No entanto, a questão que gera grande instabilidade jurídica no meio — a natureza jurídica da licença de opções de subscrição de ações a colaboradores das startups uma vez que forma de incentivo diante da escassez de capital que essas empresas normalmente enfrentam no início de suas operações  foi solenemente ignorada. Preferiu não se enfrentar se seria ela remuneração, sendo sujeita, portanto, à tributação e encargos trabalhistas uma vez que se verba trabalhista fosse; ou se seria ela um negócio jurídico societário, caso em que estaria sujeita a tórax diverso.

Com relação às normas de Recta Público, somente o tempo dirá se elas alcançarão o propósito da lei, porém parecem ser mais auspiciosas, tendo em vista o princípio da legitimidade que permeia a atividade do Estado e a pretensão de se viabilizar a contratação de empresas tecnologicamente inovadoras para a prestação de serviços públicos e a consecução dos interesses primários e secundários da Gestão Pública.

No que concerne às modificações introduzidas na Lei das Sociedades por Ações, foi criada a denominada sociedade anônima simplificada. Em universal, as alterações propiciam a redução de custos e a simplificação de regras jurídicas e contábeis contidas na norma, visando, outrossim, a viabilização do entrada ao mercado de capitais pelas empresas que aderirem ao tipo societário simplificado.
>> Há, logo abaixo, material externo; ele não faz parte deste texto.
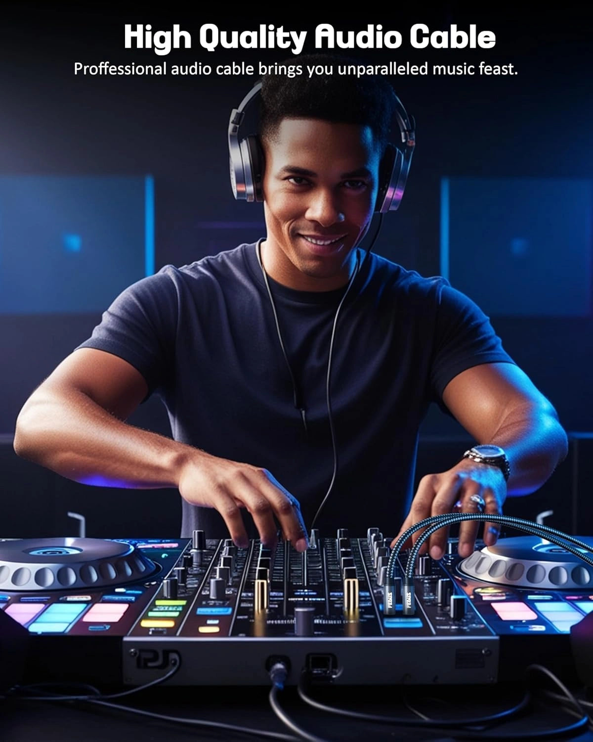 • ▶EXCELLENT SOUND: 20 AWG Oxygen-Free Copper, 24K gold-plated plugs, an oxidized aluminum shell, triple shielding, and low noise resistance eliminate interference and deliver pristine sound and noise shielding. There is no hum, no noise, and crystal-clear music. This high-quality, noise-free performance makes it an excellent choice for music lovers, live performances, recordings, and computer multimedia settings. 3.5mm to dual 1/4 cable is the best choice for studio or live performances.

Em suma, inovou-se nos seguintes aspectos:

1) Estabeleceu que a S/A poderá ter exclusivamente um diretor estatutário – redução de custos;

2) Com relação às publicações legais, parece que a lei pretendeu viabilizar a redução de custos às S/A de capital fechado com receita bruta anual de até R$ 78 milhões, pois estabelece que elas podem realizá-las em forma eletrônica; no entanto, a redação do dispositivo tende a gerar confusão, pois, em sua secção final, excepciona a regra, fazendo referência ao item 289 da Lei das S/A, que é justamente o item que determina que as publicações legais sejam feitas em quotidiano solene e em jornal de grande circulação de onde estiver situada a sede da companhia; parece que houve uma lacuna do legislador;

3) Substituição dos livros societários por registros mecanizados ou eletrônicos;

4) Havendo preterição do regime quanto à distribuição de dividendos, dá grande poder à Tertúlia de Acionistas para que deliberem a saudação, ignorando-se as reservas de lucros estabelecidas em lei, observadas, porém, as preferências de acionistas preferencialistas. Cuidou-se de uma simplificação das regras contábeis previstas na lei;

5) A CVM poderá flexibilizar regras para facilitar o entrada da S/A simplificada ao mercado de capitais, dispensando a obrigatoriedade de instalação do Juízo Fiscal, e dispensando a obrigatoriedade da intermediação da distribuição de valores mobiliários no mercado por instituição financeira. Porém, parece que a lei se equivocou ao permitir a supressão do recta precípuo do acionista de participar nos lucros, inclusive por meio do dividendo obrigatório, muito uma vez que permitir a supressão do recta do acionista preferencialista de votar na hipótese de não receber dividendos durante três exercícios consecutivos; e

6) A CVM poderá também, visando a facilitação do entrada ao mercado de capitais, promover outras simplificações para a S/A simplificada, uma medida positiva, sobretudo porque tende à redução de custos e desburocratizará procedimentos.

Conclui-se, portanto, que o objetivo da lei é meritório, mas ela seria prescindível no que diz saudação ao Recta Privado, haja vista que o próprio mercado já se encarregara de gerar diversas soluções que foram agora tipificadas.

No espectro do Recta Público, a lei, possivelmente, há de se mostrar útil. Quanto às mudanças na lei societária, elas aparentam ter trazido inovações positivas, mas, por outro lado, alguns equívocos, assim uma vez que erros materiais, os quais haveriam de ser tempestivamente sanados pelo legislador.